We suggest to create a dictionary where the keys are the dates and the values are the total volume of that day (over all stocks).

**Task**

Find out the 10 days with the most trade volume.

**Answer**

### Searching For High Volume Days

In [20]:
daily_volumes = []

for day in trades_by_day:
    day_volume = sum([volume for volume, _ in trades_by_day[day]])
    daily_volumes.append((day_volume, day))

daily_volumes.sort()

daily_volumes[-10:]

[(576133200, '2008-10-08'),
 (583932100, '2008-10-03'),
 (587079300, '2007-09-05'),
 (593920400, '2008-01-15'),
 (595758200, '2007-01-18'),
 (617450300, '2008-01-22'),
 (663093000, '2008-09-29'),
 (743833800, '2007-01-10'),
 (843060200, '2007-01-09'),
 (852070400, '2008-01-23')]

![image.png](attachment:image.png)

**Task**

Find the top ten most profitable stocks.

**Answer**

### Finding Profitable Stocks

In [21]:
percentages = []

for stock_sym in stock_prices:
    prices = stock_prices[stock_sym]
    initial = prices.loc[0, "close"]
    final = prices.loc[prices.shape[0] - 1, "close"]
    percentage = 100 * (final - initial) / initial
    percentages.append((percentage, stock_sym))

percentages.sort()

percentages[-10:]

[(-21.4387197413627, 'aal'),
 (24.88636590909091, 'aaww'),
 (26.229508196721323, 'aame'),
 (30.11633939686707, 'aaon'),
 (69.24820837116447, 'aapl'),
 (179.4936708860759, 'aaxn'),
 (7483.8389225948395, 'admp')]

The most profitable stock to buy in 2007 would have been `ADMP`, which appreciated from around 7 cents to its current price of 4.43.

We've done some basic analysis of the data, but there's still quite a bit more depth to go into:

* What stocks would have been best to short at the start of the period?
* Which stocks have the most [after-hours trading](http://www.nasdaq.com/quotes/after-hours.aspx), and show the biggest changes between the closing price and the next day open?
* Can [technical indicators](http://www.investopedia.com/terms/t/technicalindicator.asp) like [Bollinger Bands](https://en.wikipedia.org/wiki/Bollinger_Bands) help us forecast the market?
* What time periods have resulted in steady increases in prices, and what periods have resulted in steady declines?
* Based on price, what was the optimal day to buy each stock if we wanted to hold them until now?
* On days with high trading volume, do stocks move in one direction (up or down) more than the other one?
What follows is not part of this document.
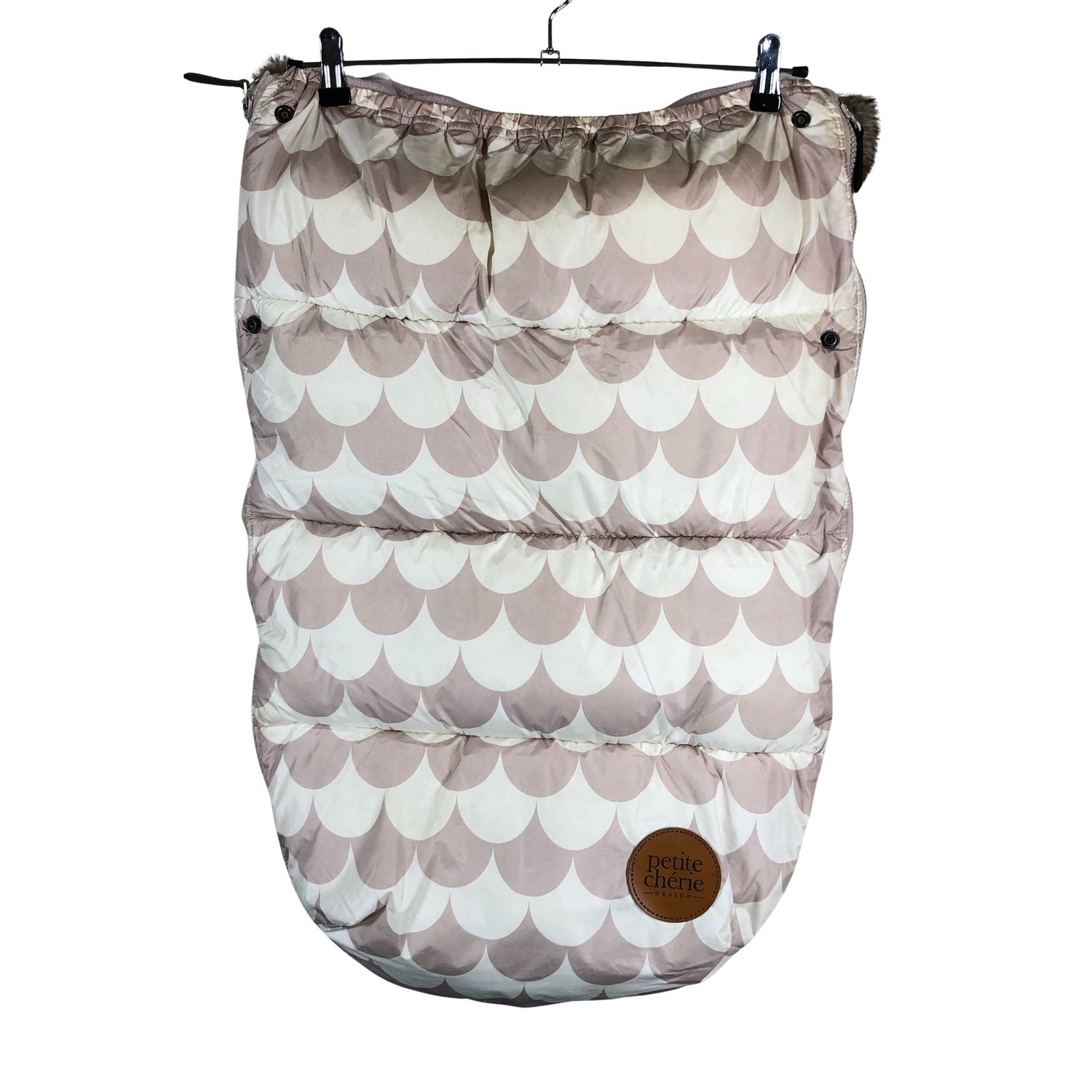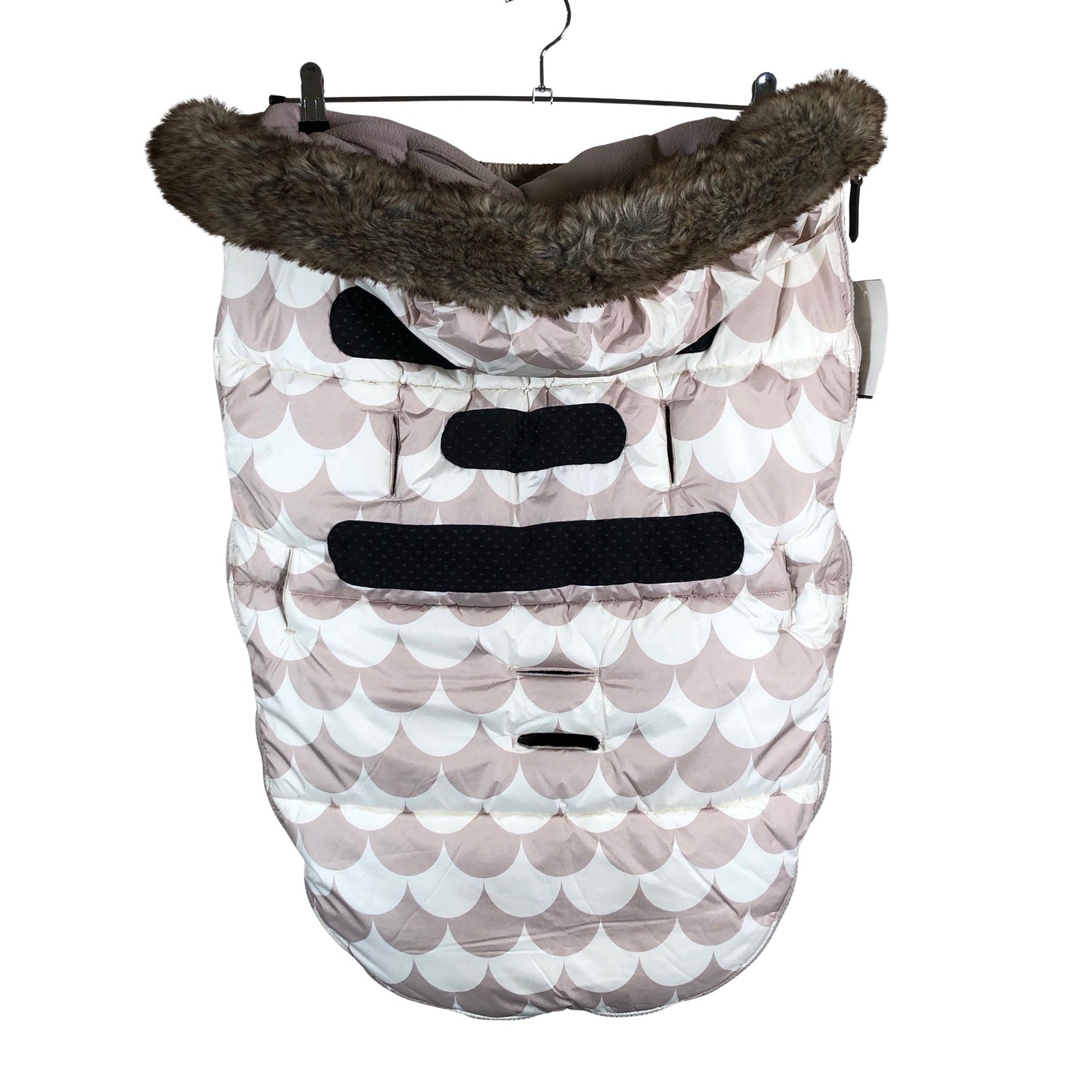 Fleecevuori. Tuotteessa on aukot turvavöille. Irrotettava karvakaulus. Tuotteen pinnassa on hieman tummentumaa. Tuotteen sisäpuolella on haalea tahra. Yleisilme on siisti. Tuote vaatii pesun.

Most problems in data engineering are also fundamentally scale problems. The more data we have, the harder it is to process, and the more tradeoffs we have to make. It would be useful to download more stock data, so that scale becomes more of a problem. Can we work with `1 gigabyte` of stock data, and have a reasonably fast processing methods? How about `10 gigabytes`?